What dosage forms are leading the way among new drug approvals thus far in 2025? DCAT Value Chain Insights examines the key trends and latest developments in drug delivery and drug-product development and manufacturing.  

By Patricia Van Arnum, Editorial Director, DCAT, pvanarnum@dcat.org

New drug approvals & dosage forms
For CDMOs/CMOs providing formulation development and drug-product manufacturing, important indicators to look at are trends in new drug approvals and the related dosage forms of these products. In looking at new drug approvals thus far in 2025 and the dosage forms/route of administration for those drugs, there was a fairly balanced distribution between dosage forms with oral drug delivery and dosage forms with non-oral drug delivery. Through July 31, 2025, FDA’s Center for Drug Evaluation and Research had approved 22 new molecular entities and biological therapeutics. Of these 22 new drug approvals, nine are drugs delivered via injections, infusions, or subcutaneously, 10 new drugs are delivered orally (tablet, capsule, or powder for oral delivery), two drugs were solutions/drops for ophthalmic use, and one product was a cream for topical drug delivery (see Table I at the end of the article).

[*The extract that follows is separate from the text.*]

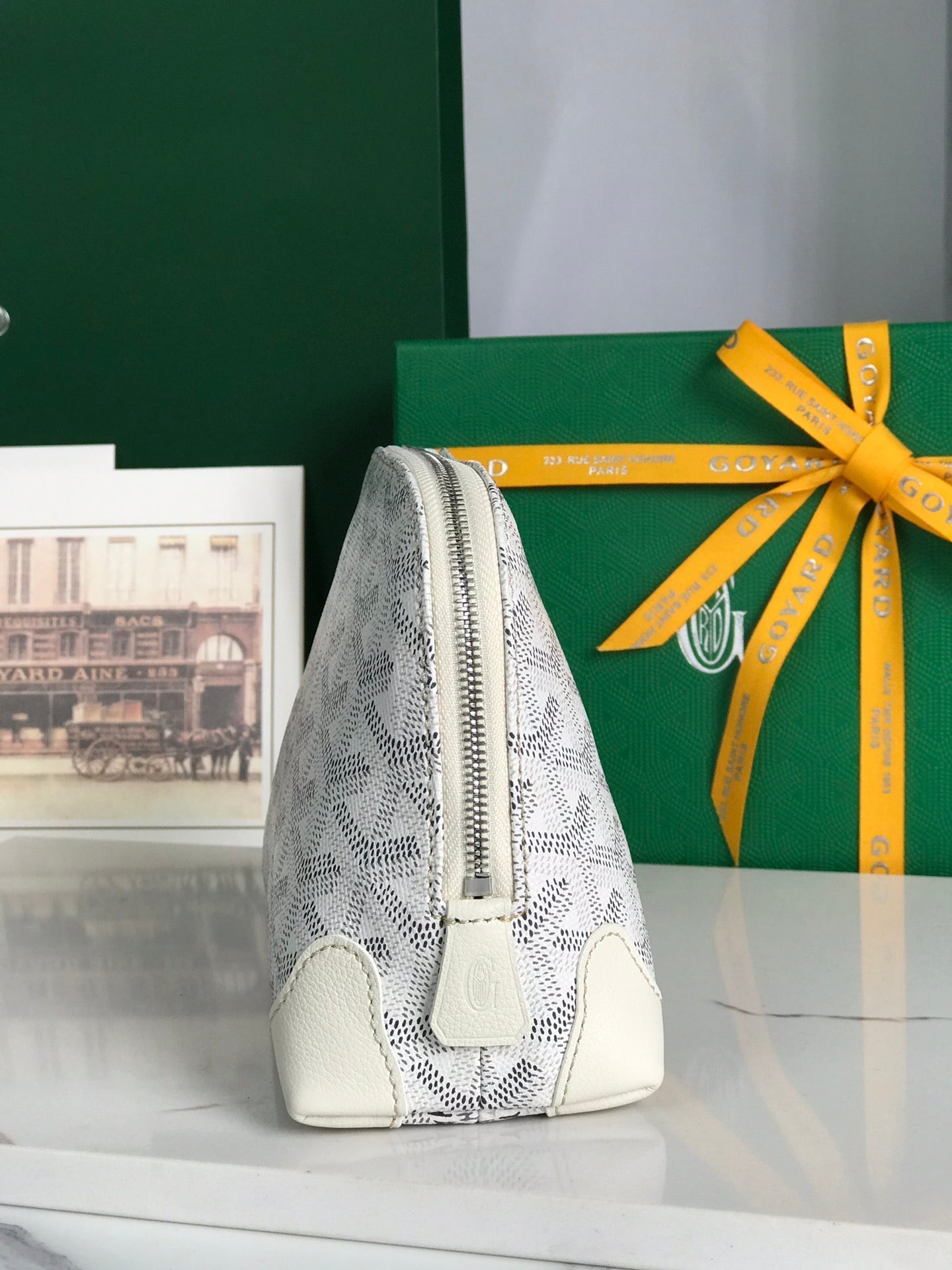 VENDÔME COSMETIC POUCH 17 IN WHITE GOYARDINE CANVAS AND CALFSKIN TRIM

New drugs delivered via injections, infusions or subcutaneously included AbbVie’s Emrelis (telisotuzumab vedotin-tllv), an antibody drug conjugate (ADC) for treating locally advanced or metastatic, non-squamous non-small cell lung cancer and AstraZeneca/Daiichi Sankyo’s Datroway (datopotamab deruxtecan-dlnk), an ADC for treating unresectable or metastatic, HR-positive, HER2-negative breast cancer. Also gaining approval was Johnson & Johnson’s Imaavy (nipocalimab-aahu) for treating generalized myasthenia gravis, Merck & Co.’s Enflonsia (clesrovimab-cfor) for treating respiratory syncytial virus-based lower respiratory tract disease in neonates and infants, and Sanofi’s Qfitlia (fitusiran) for preventing or reducing the frequency of bleeding episodes in hemophilia A or B.

Among mid-sized companies with new drug approved delivered via injections, infusions or subcutaneously included CSL Behring’s Andembry (garadacimab-gxii) for treating hereditary angioedema and Regeneron Pharmaceuticals’ Lynozyfic (linvoseltamab-gcpt) for treating relapsed or refractory multiple myeloma.

Among smaller companies with new drug approved delivered via injections, infusions or subcutaneously are Akeso’s penpulimab-kcqx (penpulimab-kcqx) for treating recurrent or metastatic non-keratinizing nasopharyngeal carcinoma and Medexus’ Grafapex (treosulfan), a preparative regimen for allogeneic hematopoietic stem cell transplantation for acute myeloid leukemia and myelodysplastic syndrome.

Specialty dosage forms among the new drugs approved thus far in 2025 included: Alcon’s Tryptyr (acoltremon ophthalmic solution) for treating dry-eye disease and Lenz Therapeutics’ Vizz (aceclidine ophthalmic solutions) for treating presbyopia, a gradual loss of the eye’s ability to focus on near objects. LEO Pharma also received approval for Anzupgo (delgocitinib), a cream delivered topically for treating moderate-to-severe chronic hand eczema.

New drug approvals and oral drug delivery
Among the larger pharmaceutical companies with new drugs for oral delivery included GlaxoSmithKline’s Blujepa (gepotidacin) for teating noncomplicated urinary tract infections, Merck KGaA’s Gomekli (mirdametinib) for treating neurofibromatosis Type 1, and Novartis’ Vanrafia (atrasentan) for treating proteinuria in adults with primary  immunoglobulin A nephropathy.

Other companies with new products approved thus far in 2205 with oral drug delivery include Dizal (Jiangsu) Pharmaceutical with Zegfrovy (sunvozertinib) for treating certain forms of locally advanced or metastatic non-small cell lung cancer and Nuvation Bio with Ibtrozi (taletrectinib) for treating locally advanced or metastatic ROS1-positive non-small cell lung cancer. Other approvals of products for oral drug delivery included: Kalvista Pharmaceuticals’ Ekterly (sebetralstat) for treating acute attacks of hereditary angioedema; Ono Pharmaceutical’s Romvimza (vimseltinib) for treating symptomatic tenosynovial giant cell tumor; PTC Therapeutics’ Sephience (sepiapterin) for treating hyperphenylalaninemia in patients with sepiapterin-responsive phenylketonuria, in conjunction with a phenylalanine-restricted diet; Verastem’s Avmapki Fakzynja Co-Pack (avutometinib and defactinib) for treating KRAS-mutated recurrent low-grade serous ovarian cancer after prior systemic therapy; and Vertex Pharmaceuticals’ Journavx (suzetrigine) for treating moderate-to-severe acute pain.